Let us begin with the category ‘human-like thinking’. When a computer thinks like a human, it performs tasks that typically require aspects of human intelligence (as opposed to following mechanical procedures). For example, a computer that can think like a human should be able to drive a car, considering the fact that driving a car is a lot more than simply following traffic rules; it is also about intuitively understanding what is happening on the road and being able to understand how other drivers are behaving, all of which are key characteristics of human intelligence.
Cognitive modelling approaches such as introspection, psychological testing, and brain imaging are used to determine whether a computer program thinks like a human or not. Once a model of human thinking is created, computer programs can be written to simulate that model.

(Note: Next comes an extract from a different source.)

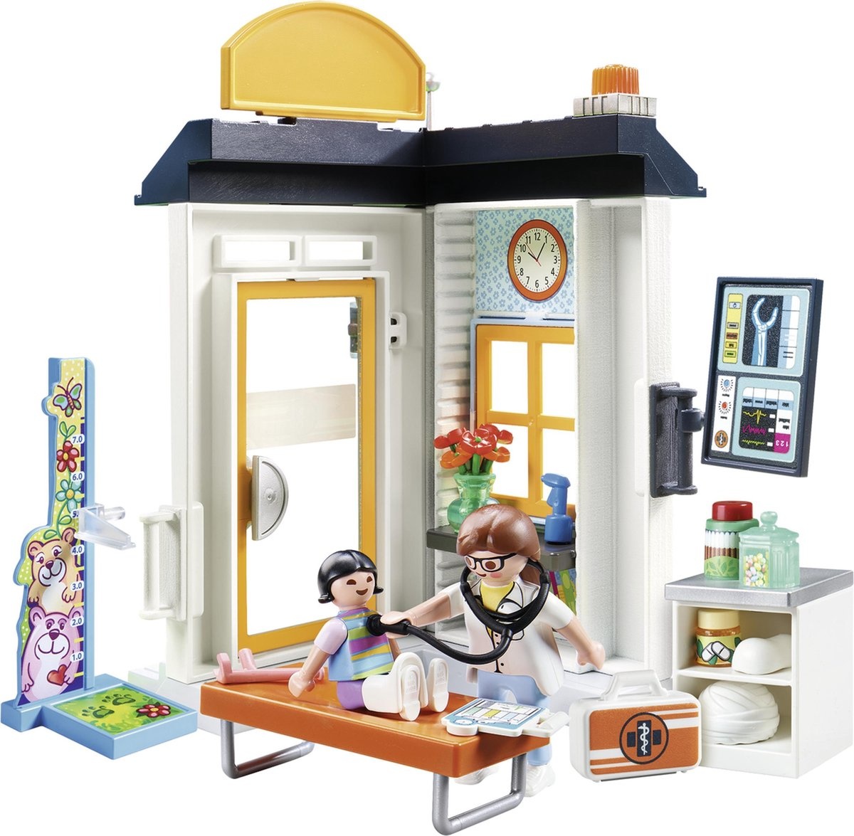 Welkom bij de vriendelijke PLAYMOBIL kinderartspraktijk. Hier worden kleine patiënten liefdevol verzorgd. Een meisje heeft een ongeluk gehad op straat. De behulpzame kinderarts onderzoekt het kind aandachtig op de onderzoeksbank en luistert zachtjes na

However, given the complexity, uncertainty, and the high degree of variability in human thinking, modelling it is itself a challenge, let alone accurately representing it through programming languages. This category of AI is often used in fields like psychology and neurosciences as a part of research to understand better the human brain and thought processes.
In part 2 of this series of articles on AI, we will look into human-like acting, rational thinking, and rational acting. We will also explore the difference between rational and human processes and look at a useful typology of AI.
Now put on your thinking hats and think about the following questions for a couple of minutes.
In your opinion, what does the term artificial intelligence mean to you?
How will you describe artificial intelligence to your students?
In your opinion, what would be the impact of artificial intelligence on the future of the education system?
Write down your thoughts and discuss them with your students, children and your colleagues. Listen to their views and compare them with your own. As you listen to others, note how similar or different your views are to others’.